When the Vilna Ghetto was liquidated in 1943, the Avengers fled to the woods and continued their fight against the Nazis and their collaborators until the bitter end of the Second World War.

Once the war was won and the the Nazi camps were captured and liberated, the magnitude of what the Nazis had done came to light. Kovner and his Vilna partisan compatriots traveled to the Ponar forest and, after seeing the murder perpetuated there, Kovner was stunned by the extent of the destruction. He continued traveling through the countryside that had been liberated from the Nazis and saw the cold industrialization of murder that was perpetrated at Auschwitz, Majdanek, and Treblinka.

Abba Kovner with a Partisan Delegation, 1971. From the Dan Hadani Collection in the National Library of Israel

Kovner’s desire for revenge became all-consuming and he began penning a plan for action. It was then that Kovner founded a secret organization of likeminded people called Nakam (“revenge”).

“… We have taken it upon ourselves not to let the world forget by performing the necessary act: Retribution. It will be more than revenge; it must be the law of the murdered Jewish people! Its name will therefore be DIN [the acronym of Dam Israel Noter, means “The Blood of Israel is Vengeful” – and “din” itself means “judgement”] so that posterity may know that in this merciless, uncompassionate world there are both judge and judgement.”

The ultimate plan for revenge? To kill six million Germans.

Kovner’s grand plan to poison a German reservoir never did come to pass, but in the spring of 1946, the Nakam group poisoned bread meant to feed S.S. unit prisoners in Stalag 13 in Nuremberg, which was under American authority at the time. The Nakam group infiltrated the kitchens of the POW camp and brushed 3,000 loafs of bread with arsenic.

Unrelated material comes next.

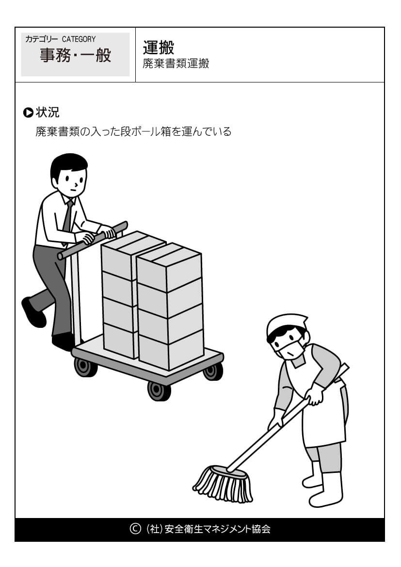ホーム > 危険予知訓練(KYT)無料イラストシート集 > 事務・一般 危険予知活動 以下(一財)中小建設業特別教育協会へのリンク 危険予知訓練(KYT) 危険予知活動(KY)動画集 カテゴリー 林業 (1) 製造業 (56) 医療・看護 (60) 事務・一般 (59) 飲食 (23) 実験 (21) その他 (8) 運輸業 (16) 農業 (25) 水産・漁業 (18) 運搬 -廃棄書類運搬 廃棄書類運搬 //php if ( the_field('jyokyo') ) : ?> PDFダウンロード 状況 廃棄書類の入った段ボール箱を運んでいる カテゴリー: 事務・一般 このページをシェアする Twitter Facebook LINE 講習会をお探しですか? 講習会一覧はこちら スケジュールページからお申込み

The outcome of these events and what actually occurred as a result of the actions of Nakam is widely disputed.

In the decades following the Holocaust and the founding of Nakam, Kovner settled in Israel, married Vitka Kempner, published poetry in Yiddish and Hebrew, was a founding member of the Museum of the Jewish People, and was awarded several prizes for his work and legacy, among them the Israel Prize.

Left to right: Isaac Bashevis-Singer, Nekhama Lifshsitz, Abba Kovner, Reuven Rubin, Avraham Sutzkever, Esther Rubin in Israel, 1969. From the Avraham Sutzkever Archive at the National Library of Israel

The desire for vengeance burned within Kovner’s heart for decades, and though he and the Nakam group never fulfilled their ultimate plan for revenge on six million Germans, he and the rest of the surviving partisans of the Vilna Ghetto played a crucial part in telling the story of rebellion and heroism during the Holocaust.

More Information about Nakam and Abba Kovner’s involvement can be found in Dina Porat’s “The Fall of the Sparrow: The Life and Times of Abba Kovner“.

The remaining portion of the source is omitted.